Another trick is use the search in your Kindle for PC and just click on the book you want.

Also have you tried rebooting your computer since the install?  Sometimes that helps.


----------



## Betsy the Quilter (Oct 27, 2008)

pscp_janeway said:


> Yesterday my PC kindle reader was working fine. Today I tried opening the same book and received an error message telling me to remove the book from my device and re-download it. So I removed it; but when I try to re-download I get a message saying 'download failed'. I've tried with other books too and some work, some don't. I tried deleting the books directly out of the 'my kindle content' folder and re-downloading. I've also tried uninstalling and re-installing the 'kindle for PC'. So far nothing has worked. Any advice or suggestions would be most welcome.
> 
> Thanks!
> -Marise


You're redownloading the app from the Amazon Kindle for PC page? Is the app registered to your account? Go to Manage Your Kindle and make sure the app is registered. There's an option somewhere on your account page for "Manage My Devices." That includes the apps. You could always try deregistering and registering the app. As Cinisajoy said, look in the app to see what the name of the app is for your account.

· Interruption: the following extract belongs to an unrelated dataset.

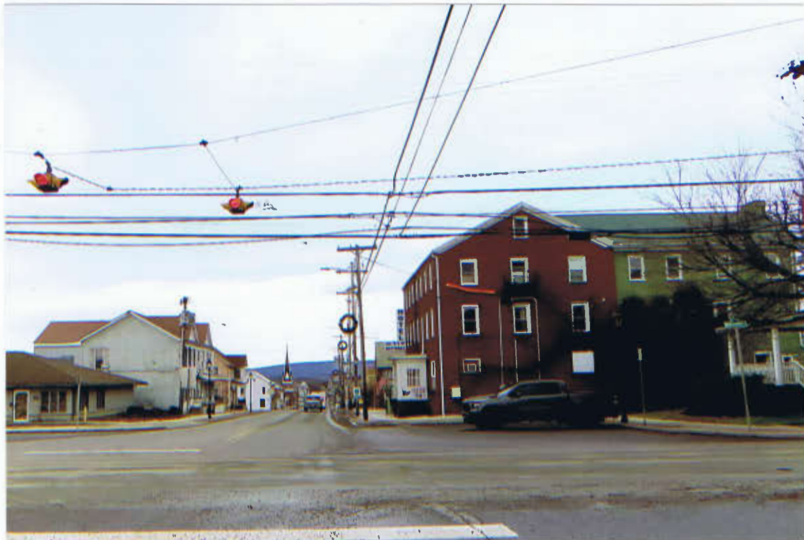
NEW NATIONAL HOTEL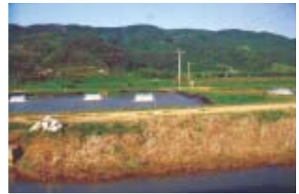
Fig. 4. Typical grow-out ponds with aerators.

Generally, farm-raised tilapia larger than 200 g are well received by consumers and much of the small-

If all else fails, call Kindle CS.

Betsy


----------



## chiburple (Mar 19, 2011)

cinisajoy said:


> This may or may not be a help. I had to reinstall Kindle for PC yesterday too. Though it is no longer listed as Kindle for PC. It is now Kindle for PC 3. Luckily it did let me import my collections from Kindle for PC although it disappeared.
> Open your K4PC app and look at the top left hand corner. You should see Name's Kindle for PC then probably a number. That would be where you need to send the books.
> 
> Another trick is use the search in your Kindle for PC and just click on the book you want.
> ...


That's great advice! With everything I tried I can't believe restarting my computer didn't occur to me. Lol. I'll try that first and if it doesn't work maybe try the other things you suggested. Thanks!


----------



## chiburple (Mar 19, 2011)

Okay, I’ve tried restarting my computer and registering and deregistering the device. Since I re-downloaded, the app is now listed as ‘Kindle for PC 2’. I tried sending the book there, but still no luck. 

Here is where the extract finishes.